Voces Universitarias | Dr. Juan Boggio Vázquez*
El 4 de mayo de 2017 a los 95 años falleció el economista estadounidense William J. Baumol. En su larga y fructífera carrera como profesor e investigador dejó numerosos aportes sobre la teoría del “entrepreneurship”, ese término que tanto nos cuesta ponernos de acuerdo cómo se debe traducir al castellano. En varios lugares, por ejemplo, en Colombia se le llama “espíritu emprendedor”, en España optan por asimilarlo a creación de empresas, y otros países conviven despreocupadamente con el anglicismo. La traducción emprendedurismo es muy resistida y no tiene defensores suficientes para imponerse en los países de habla hispana. Un concepto para el cual no tenemos una palabra que lo defina clara y unívocamente podemos sospechar que es porque no le damos mucha importancia al mismo. Mientras los esquimales en el idioma Intuit tienen 52 palabras para describir nieve y hielo, a nosotros nos alcanza con dos, y no tenemos ninguna para entrepreneurship.
De todas formas, sin tener la palabra, sabemos que la creación de empresas es un acto que nos dejará resultados sociales deseables, tales como la creación de empleo, innovación y muchas veces creación de riqueza. Esto beneficia a la comunidad en su conjunto, y ha impulsado a los gobiernos a fomentar el espíritu empresarial. Sin embargo, el resultado positivo no se dará simplemente por crear más empresas, dependerá de la calidad y tipo de las empresas creadas. Pero, Baumol nos alertó que hay una variedad de roles entre los que se pueden reasignar los esfuerzos del emprendedor, y algunos de esos roles no siguen el guión constructivo e innovador que convencionalmente se les atribuye. De hecho, a veces el empresario puede incluso llevar una existencia parasitaria que en realidad es perjudicial para la economía y la sociedad. La forma en que actúa el empresario en un momento y lugar determinados depende en gran medida de las reglas del juego y la estructura de recompensas que prevalecen en la economía.

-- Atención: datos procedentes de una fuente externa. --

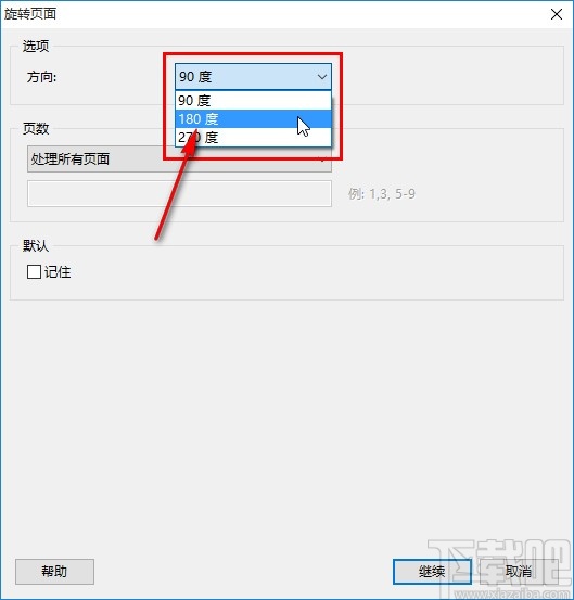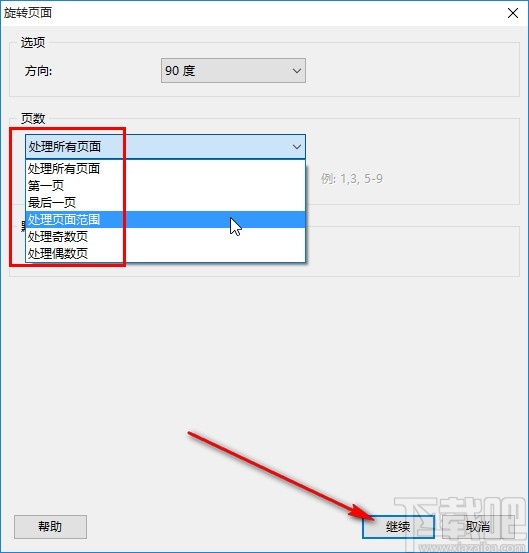 5.选择好旋转的角度之后,下一步我们找到页数模块的下拉列表,点击选择想要操作的页面范围,选择之后点击继续按钮。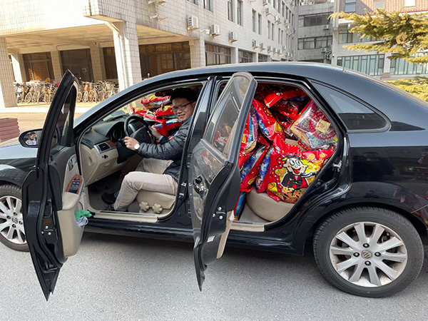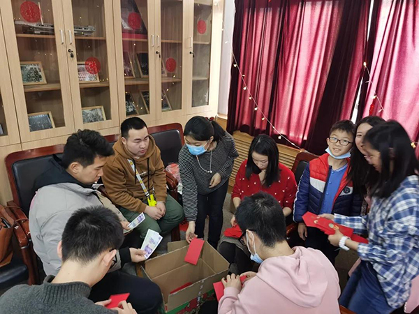 送到学生手上 都经历了哪些历程呢 开心的志愿者小门同学 一百余箱快递兜兜转转来到燕园 愉快的包压岁钱瞬间 为同学们包上压岁包并加盖城环特色印章 活捉一只小可爱 志愿者流水线式分包年货 张新平老师与宋宛儒老师开车运送物资 超重磅走访阵容 院长贺灿飞老师、党委书记刘耕年老师、副院长李本纲老师、党委副书记张新平老师及十几位班主任、学工办老师齐心将物资一一送至学生宿舍,把祝福带到学生们的心间。 院长贺灿飞老师为留校过年学生介绍年货礼包 党委书记刘耕年老师与留校过年学生合影 团委书记谭卓立老师、常务副书记宋宛儒老师与志愿者将物资送至万柳学生宿舍 老师们送温暖在路上 至此,在二十名老师与志愿者的辛苦付出下,城环啪啪啦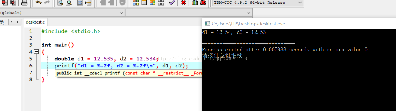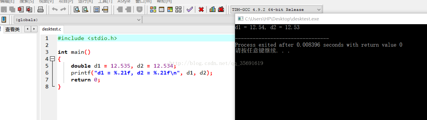 在devc中double和float可以用%f,double也可以用%lf进行输出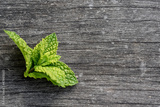 Blossom green mint leaves on wooden background. copy space for text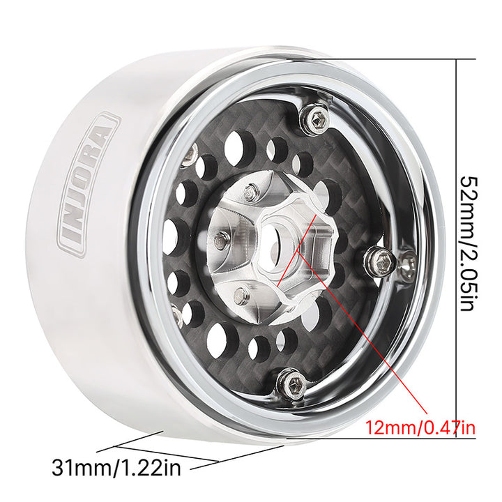 [Clearance Sale] INJORA 1.9" Deep Dish Carbon Aluminum Beadlock Wheels Offset -10mm for 1/10 RC Crawlers (W1953)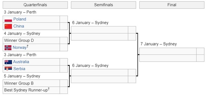 Збірна Норвегії очікує на найкращу команду групи D, ще в одній парі зіграють найкраща команда групи B і найкраща друга команда з тих, що грали в Сіднеї (групи B, D або Хорватія).

La teoría de William Baumol describe al emprendimiento productivo como un proceso de creación de riqueza, que no siempre ocurre. Esta teoría parte del supuesto de que toda sociedad está dotada de una cantidad limitada de recursos y que los emprendedores son responsables de la asignación eficiente de estos recursos, pero los recursos son asignados de acuerdo a incentivos económicos y sociales. Los incentivos determinados por la cultura e instituciones preponderantes en el territorio pueden generar emprendimientos de tres tipos, tal como argumentó Baumol en su artículo "Emprendimiento: productivo, improductivo y destructivo". No todos los emprendedores son igualmente productivos (es decir, innovadores), los hay también improductivos (buscadores de rentas) y destructivos (delincuentes).

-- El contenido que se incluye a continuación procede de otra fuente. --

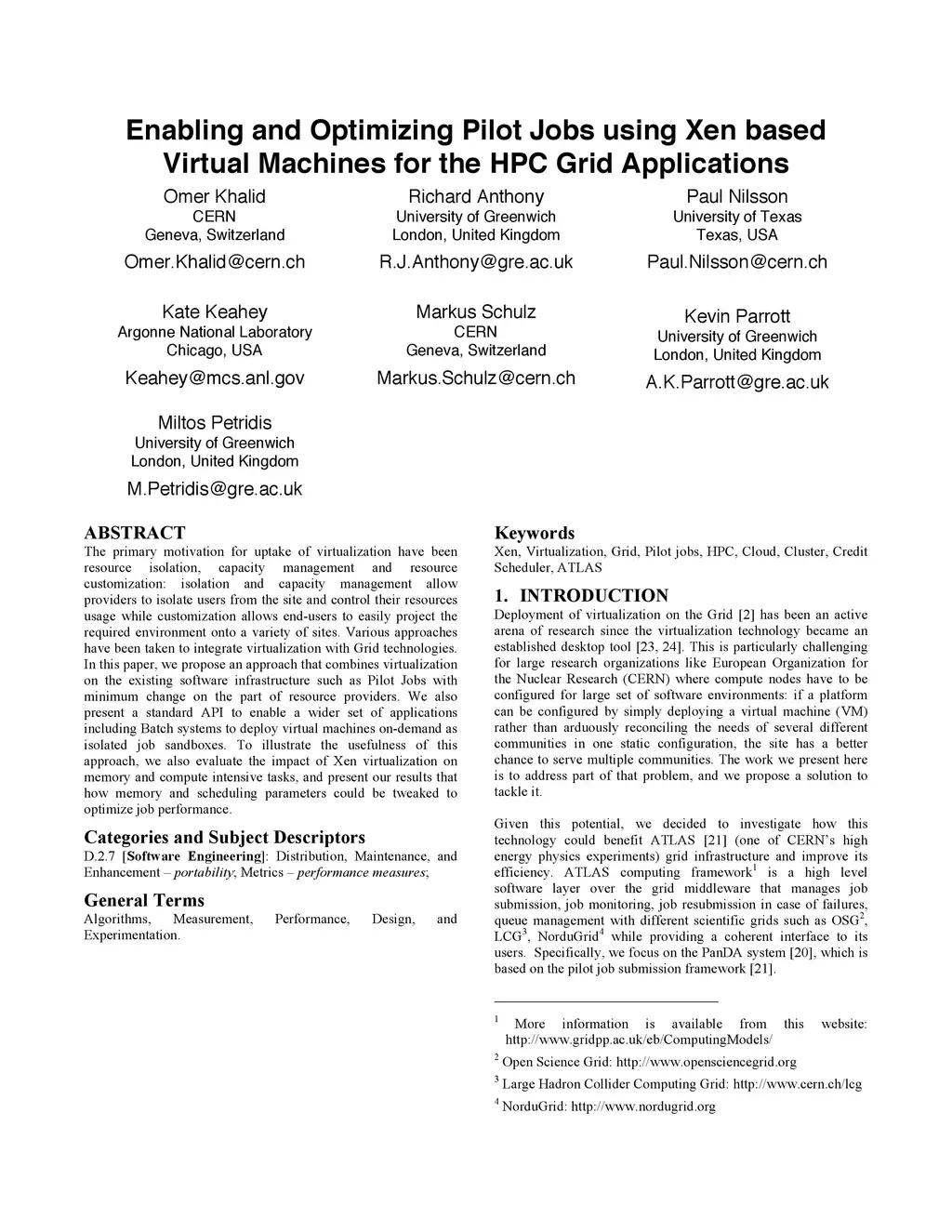 Enabling and Optimizing Pilot Jobs using Xen based Virtual Machines for

Baumol propone que, al alterar las reglas del juego, los formuladores de políticas pueden vigorizar activamente el espíritu empresarial productivo en sus sociedades y reducir las formas improductivas o destructivas de espíritu empresarial. Los cambios en las reglas del juego pueden variar, pero incluyen cambios en las normas tributarias, regulaciones, subsidios y programas de apoyo. La idea es perfeccionar las reglas con el tiempo hasta que se detecte un efecto positivo máximo en los resultados empresariales. Su artículo sugiere que los empresarios intentan obtener ganancias de cualquier manera posible, que a veces incluyen el crimen u otras actividades destructivas. Esto implica que el emprendimiento no siempre conduce a un desempeño económico positivo. La oferta total de empresarios es limitada y sus decisiones pueden tener implicaciones tanto positivas como negativas para la economía, si los empresarios potenciales se desenvuelven en un entorno con instituciones adecuadas el espíritu empresarial se centrará en lo productivo. Si el marco institucional es extractivo generará empresarios improductivos que sin agregar valor estarán extrayendo rentas de la sociedad.
Baumol utilizó varias narrativas históricas para respaldar su teoría. Por ejemplo, en la Europa feudal, el espíritu empresarial era en gran medida destructivo o redistributivo. En ese momento, la mayor parte de Europa estaba organizada en pequeños territorios autónomos, como un castillo que protegía unos pocos miles de acres de tierras de cultivo. Los jóvenes príncipes con ambición (emprendedores) podían formar un ejército e intentar saquear un feudo cercano. El resultado fue en cierta medida de muerte y destrucción, y no se logró nada productivo. No se creó nueva riqueza, solo cambió de manos y a un alto costo. Dejamos en libertad al lector para que haga analogías con el mundo contemporáneo.
*Profesor-Investigador, Depto. Economía y Negocios, Unicarbe.